NOTE: this was NameHashIntCacheLRU in Lucene

This is a Lucene.NET EXPERIMENTAL API, use at your own risk

NameInt32CacheLRU

An an LRU cache of mapping from name to int. Used to cache Ordinals of category paths.

NOTE: This was NameIntCacheLRU in Lucene

This is a Lucene.NET EXPERIMENTAL API, use at your own risk

Interfaces

ITaxonomyWriterCache

ITaxonomyWriterCache is a relatively simple interface for a cache of category->ordinal mappings, used in ITaxonomyWriter implementations (such as DirectoryTaxonomyWriter).
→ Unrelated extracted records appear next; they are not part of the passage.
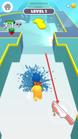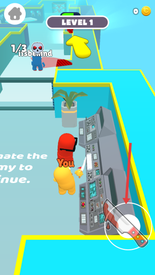 3、在场景中穿梭,借助箭头指引探索路径,遇到敌人如前方的蓝色的角色,及时用刀具攻击。
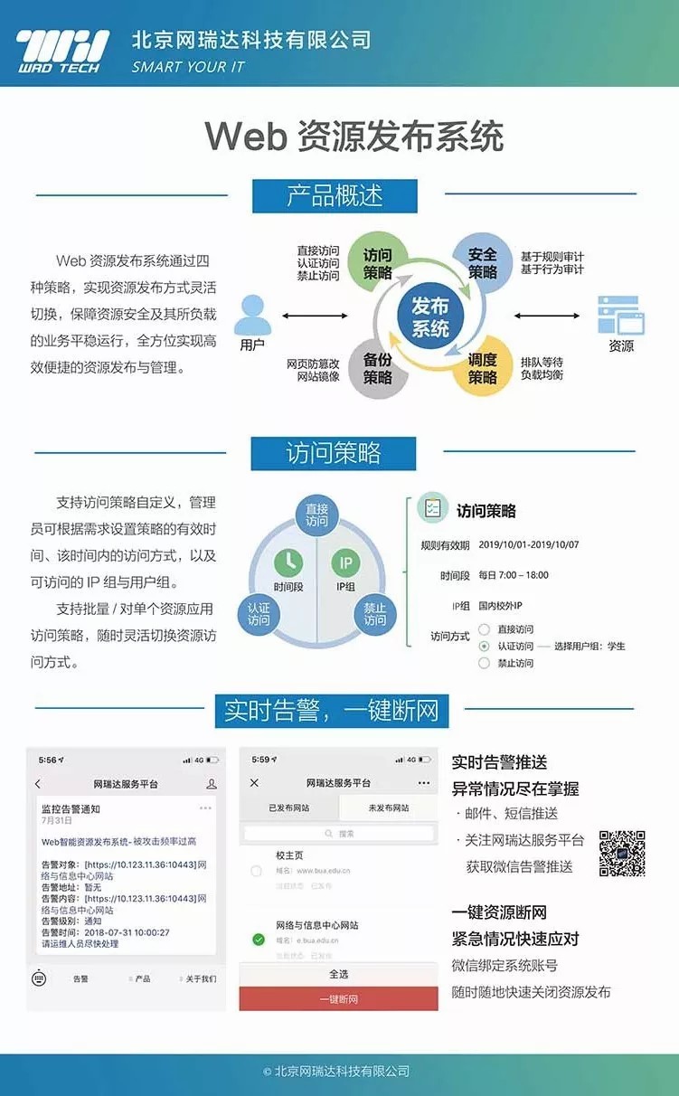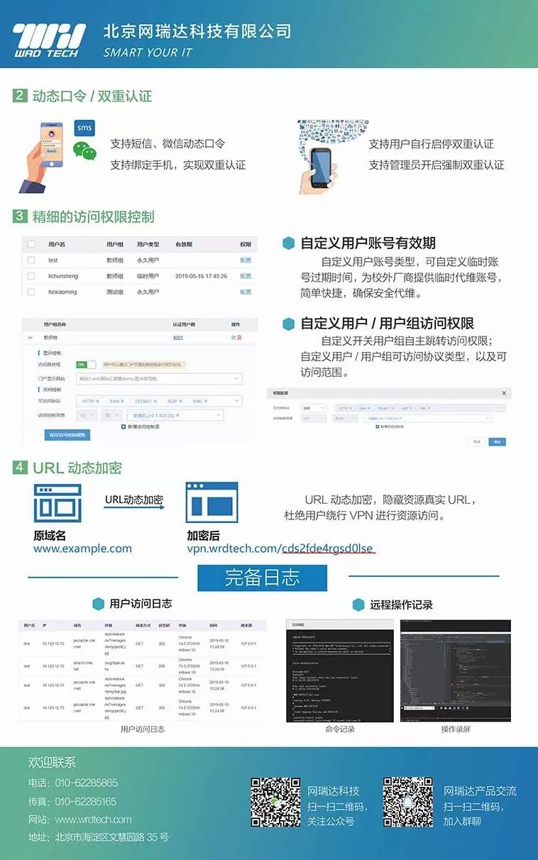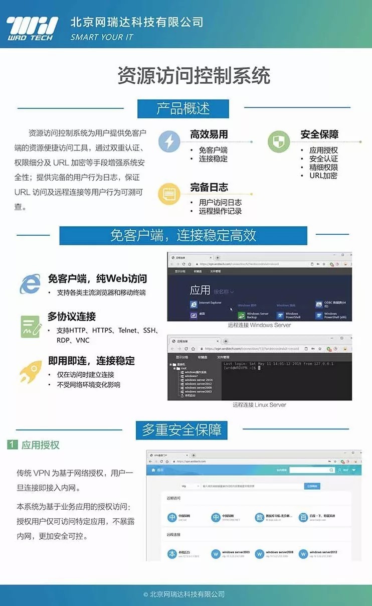資源訪問控制系統(tǒng)為用戶提供免客戶端的資源便捷訪問工具,通過雙重認證、權(quán)限細分及URL加密等手段增強系統(tǒng)安全性;提供完備的用戶行為日志,保證URL訪問及遠程連接等用戶行為可溯可查。
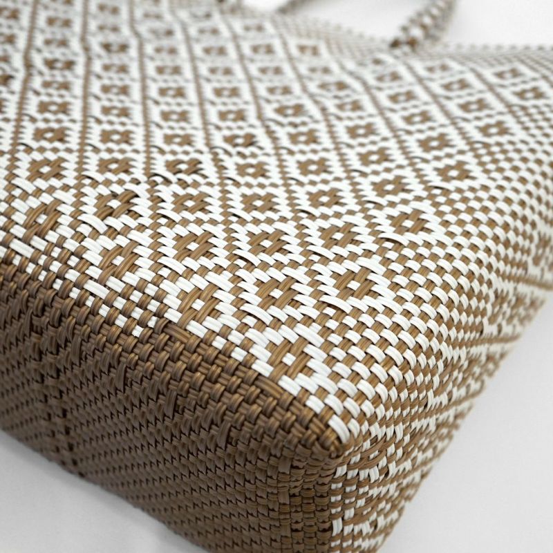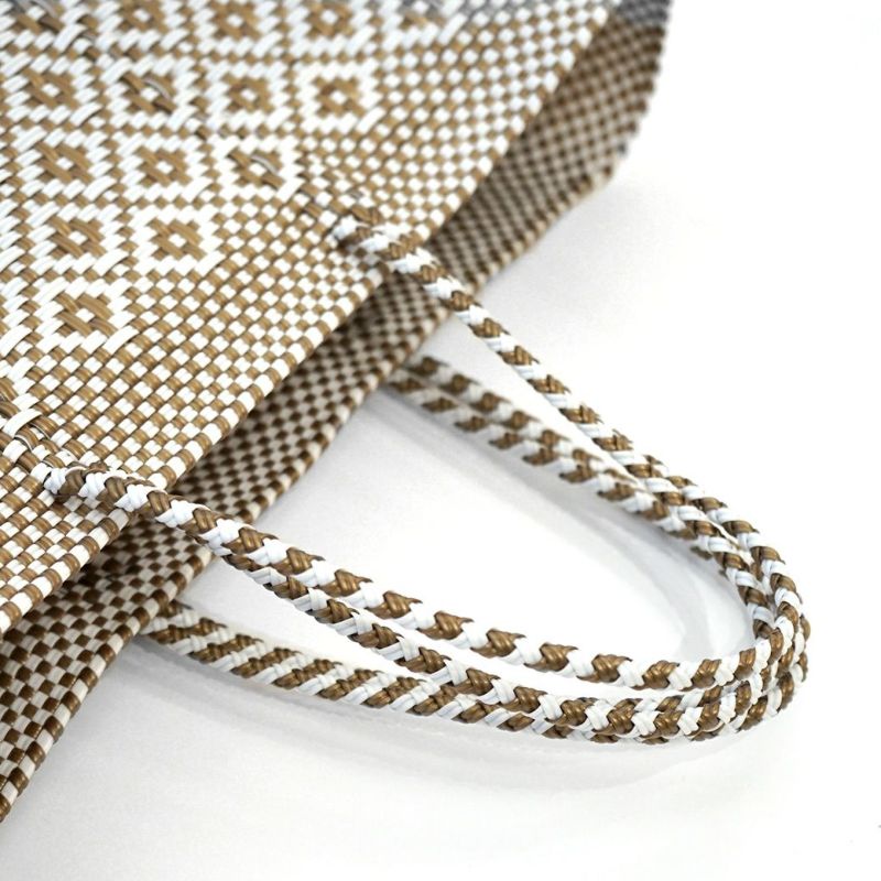 本体からハンドル部分にいたるまで紐がしっかりと編み込まれており、とても丈夫に作られているバッグは、水に濡れても平気な素材でできているため、水洗いも可能です。
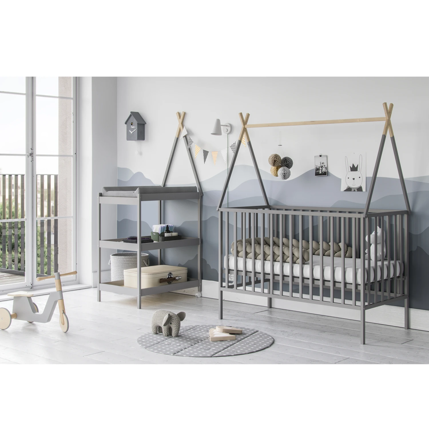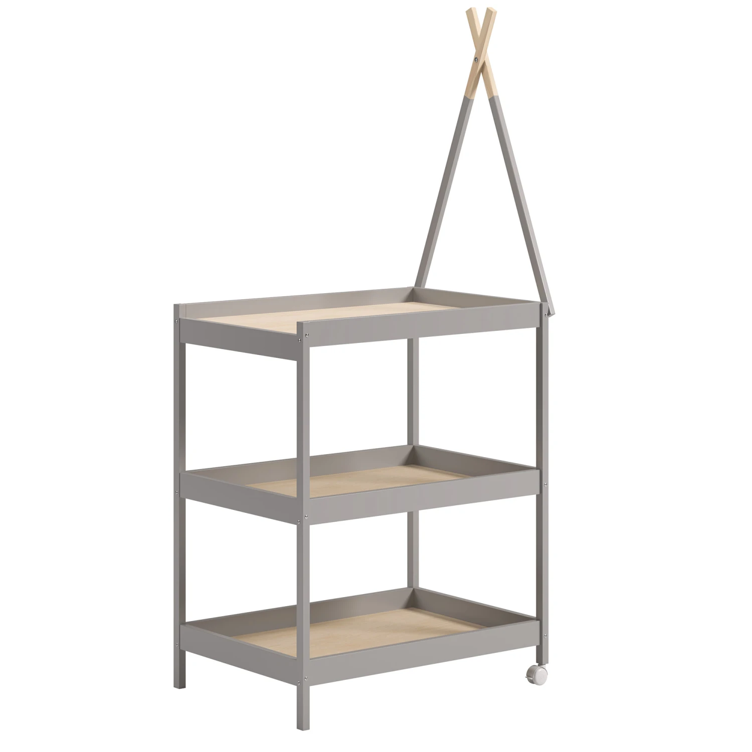 Conçue en hêtre massif de haute qualité, la table à langer Peak de la marque Vox est disponible en deux coloris : gris clair et blanc. La table à langer possède deux roulettes gràce auxquelles vous pouvez la déplacer facilement et changer votre bébé en toute sécurité. Ses deux étagères de rangement offrent beaucoup de place pour tout le nécessaire de votre enfant.
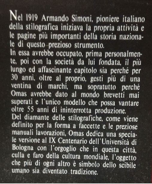 Questo modello di Omas è un omaggio al IX Centenario dell'Università di Bologna.
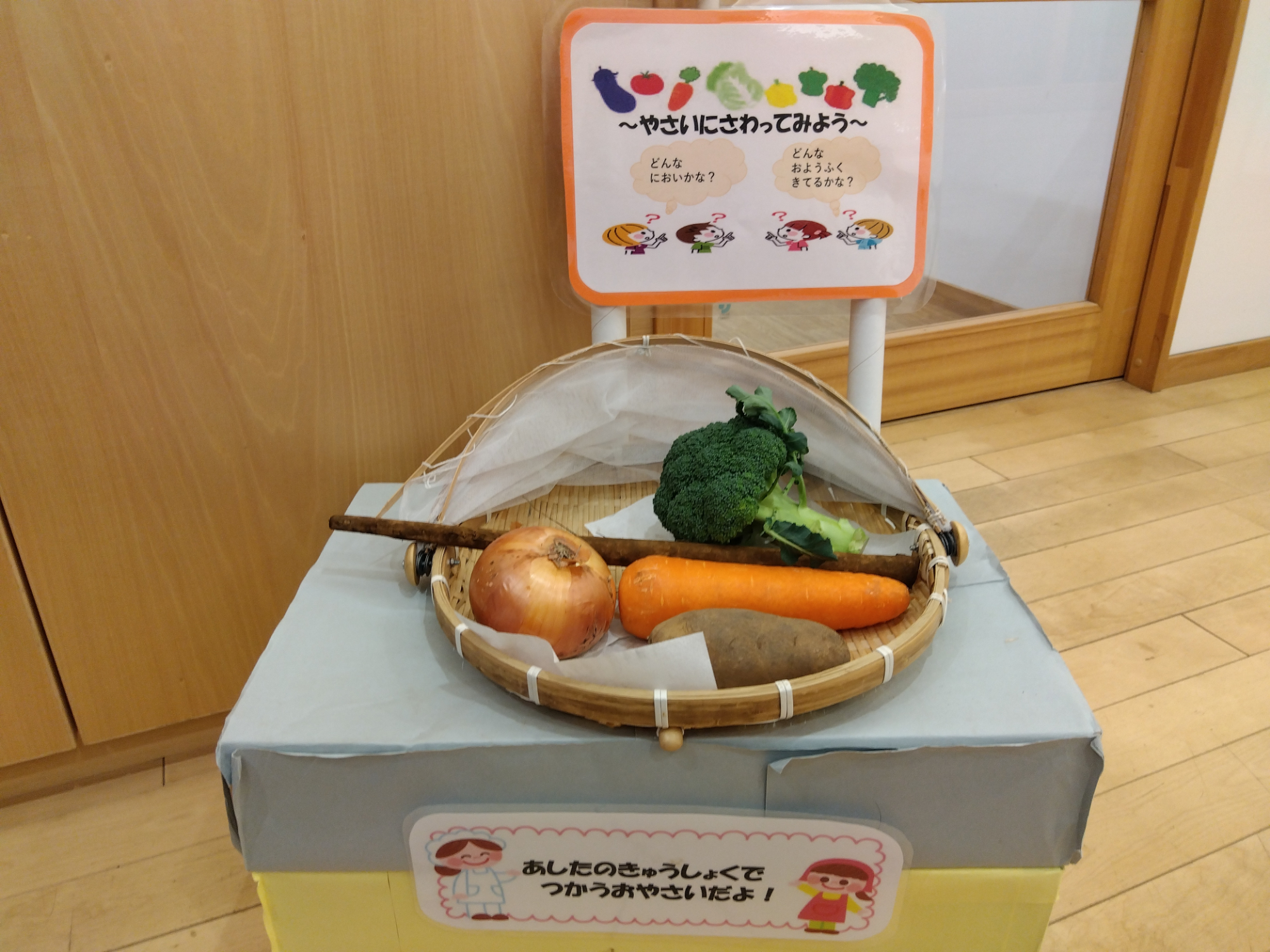 玄関に次の日の給食で使用する野菜を展示することになりました。畑で野菜は育てていますが、親子で野菜を触ったりにおいを嗅いだりして、会話を楽しんで欲しいという給食の先生たちのアイディアでスタートしました。
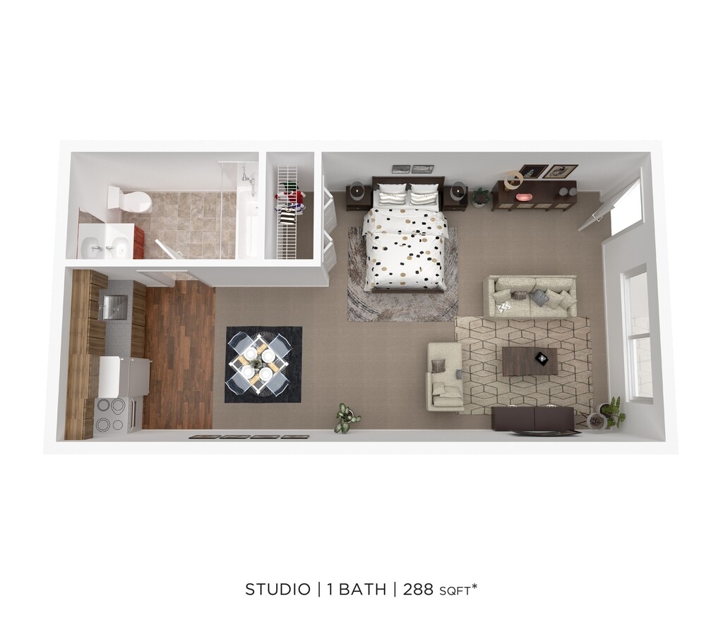 Studio, 1 Bath, 288 sq ftAvailable NowModel Gallery
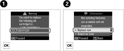 Компания рекомендует использовать оригинальные Epson. Компания Epson не может гарантировать качество и надежность других производителей. Использование других производителей может привести к повреждениям, которые не входят в гарантийные обязательства. В определенных условиях эти также могут стать причиной непредсказуемого поведения принтера. Сведения об уровнях других производителей могут не отображаться.
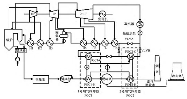 應(yīng)用蒸汽相變技術(shù)與氟塑料換熱器,設(shè)計(jì)了協(xié)同顆粒物脫除和水分回收的電站鍋爐煙氣余熱利用系統(tǒng)。系統(tǒng)在脫硫塔進(jìn)、出口設(shè)置兩級(jí)間接傳熱式煙氣冷卻器,氟塑料換熱器吸收的排煙余熱通過閉式循環(huán)水和板式換熱器傳遞給凝結(jié)水。一級(jí)煙氣冷卻器降低脫硫塔入口煙溫以減小脫硫水耗,二級(jí)煙氣冷卻器冷凝煙氣中的水蒸氣并脫除煙氣中的...
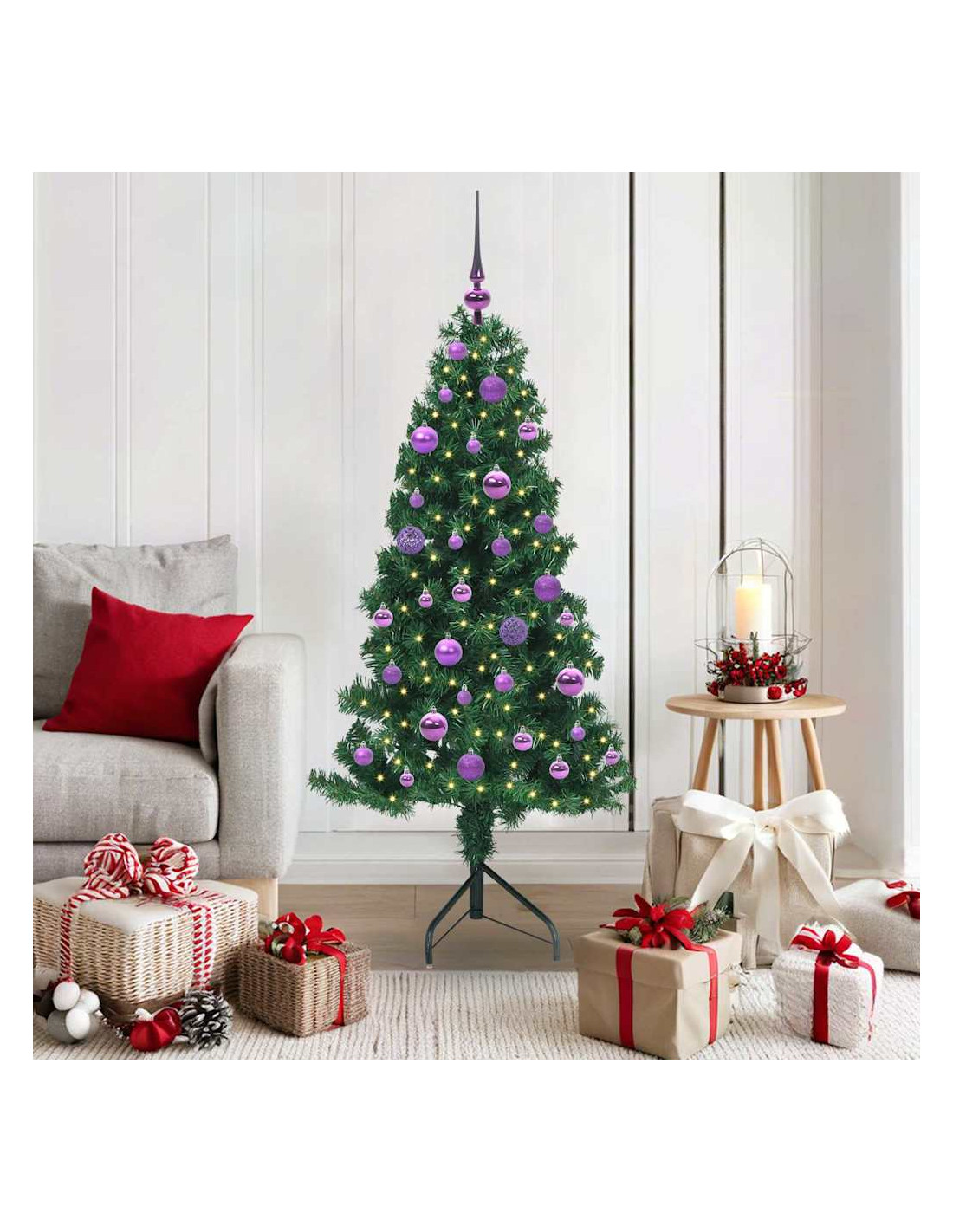 Questo albero di Natale artificiale pre-illuminato mescola un design moderno con un'atmosfera festosa per una soluzione incredibile e salvaspazio per decorare a Natale. Perfetto per chi ama un look minimalista, si integra bene in spazi contemporanei grazie alle sue linee pulite. La forma a un quarto si adatta perfettamente agli angoli, rendendolo ideale per soggiorni piccoli o ripari esterni. Con i suoi rami verdi in PVC, questo albero ha un aspetto classico e luci LED bianche calde che creano un'atmosfera accogliente.
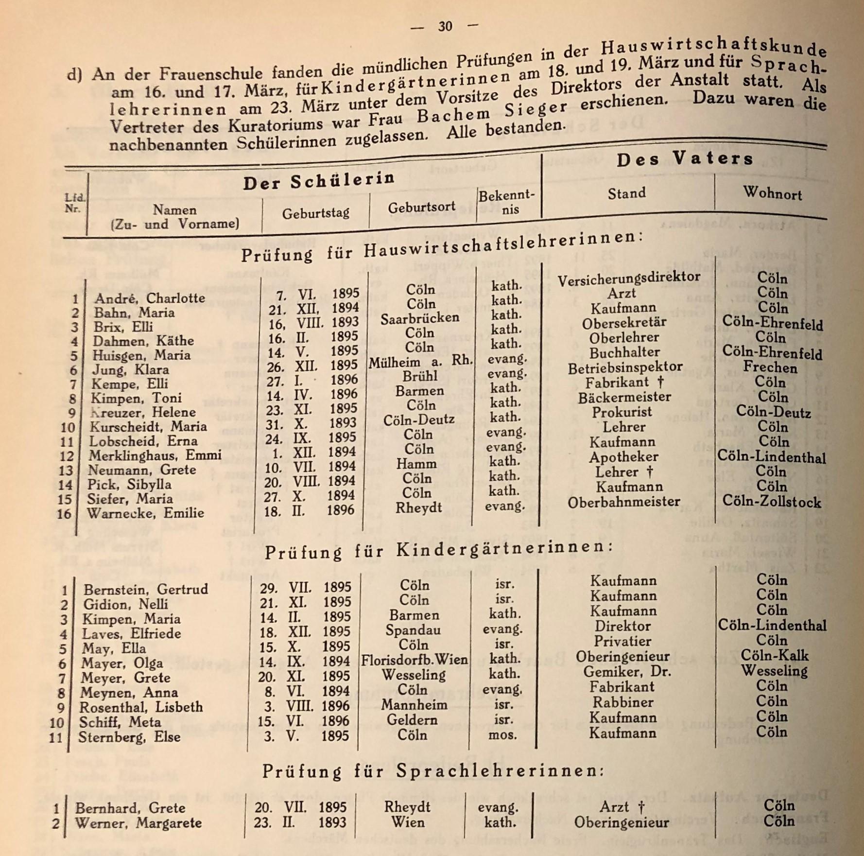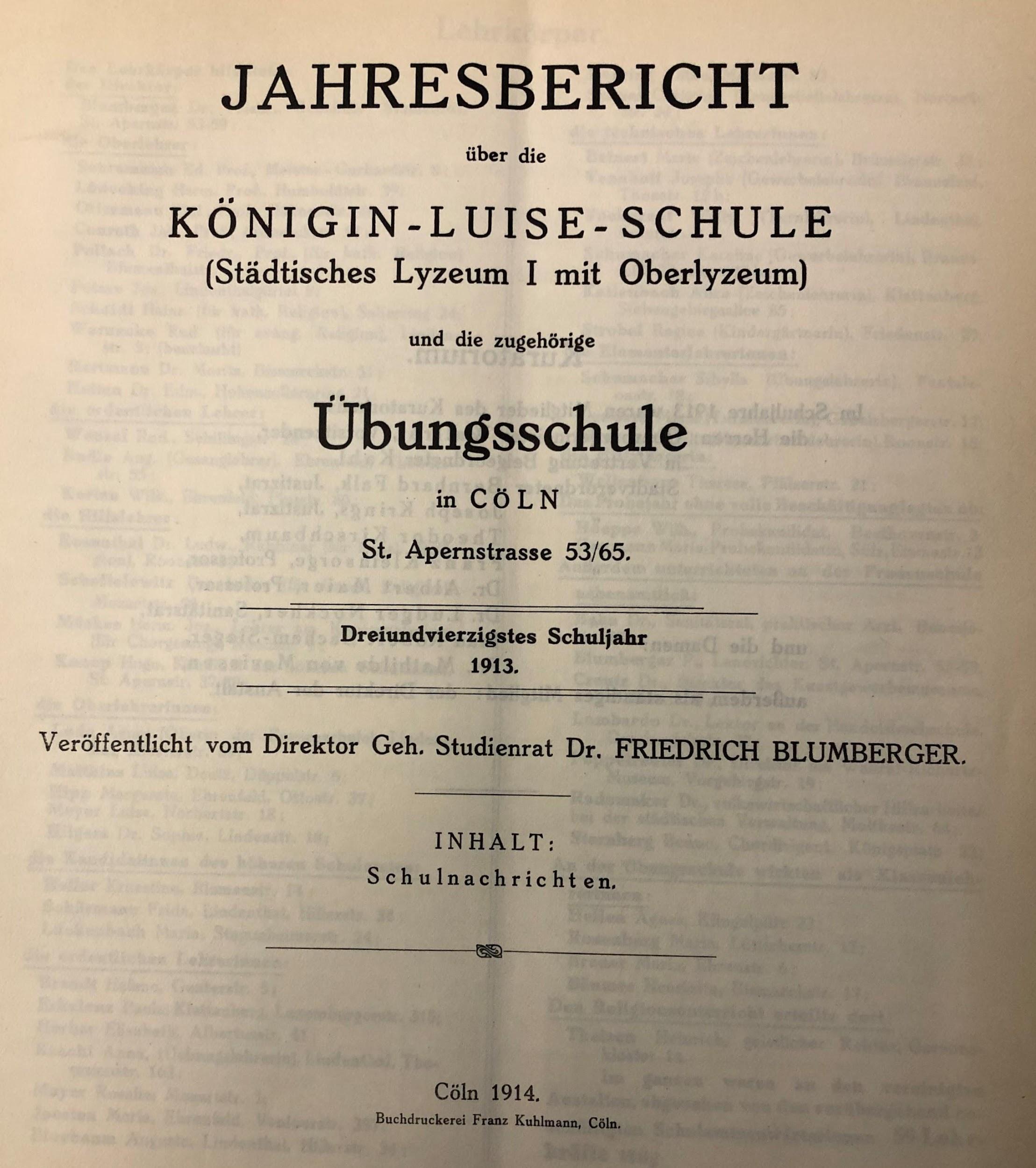 Meine Recherche begann mit einem einzigen Dokument: dem Jahresbericht der Königin-Luise-Schule von 1913. Dieses verriet mir Gertruds Namen, ihr Geburtsdatum, ihren Geburtsort, ihre Konfession und den Stand ihres Vaters. Diese Eckdaten sind erstmal recht spärlich und sagen wenig über Gertruds Leben aus. Trotzdem bilden sie die Grundlage meines Rechercheprozesses, weil es mir auf Basis dieser Informationen gelungen ist, immer mehr über Gertrud herauszufinden und ihr Leben Stück für Stück zu rekonstruieren.

It basically has Put(FacetLabel, Int32) methods for adding a mapping, and Get(FacetLabel) for looking a mapping up the cache. The cache does not guarantee to hold everything that has been put into it, and might in fact selectively delete some of the mappings (e.g., the ones least recently used). This means that if Get(FacetLabel) returns a negative response, it does not necessarily mean that the category doesn't exist - just that it is not in the cache. The caller can only infer that the category doesn't exist if it knows the cache to be complete (because all the categories were loaded into the cache, and since then no Put(FacetLabel, Int32) returned true).

However, if it does so, it should clear out large parts of the cache at once, because the user will typically need to work hard to recover from every cache cleanup (see Put(FacetLabel, Int32)'s return value).

NOTE: the cache may be accessed concurrently by multiple threads, therefore cache implementations should take this into consideration.

This is a Lucene.NET EXPERIMENTAL API, use at your own risk

Enums

LruTaxonomyWriterCache.LRUType

Determines cache type. For guaranteed correctness - not relying on no-collisions in the hash function, LRU_STRING should be used.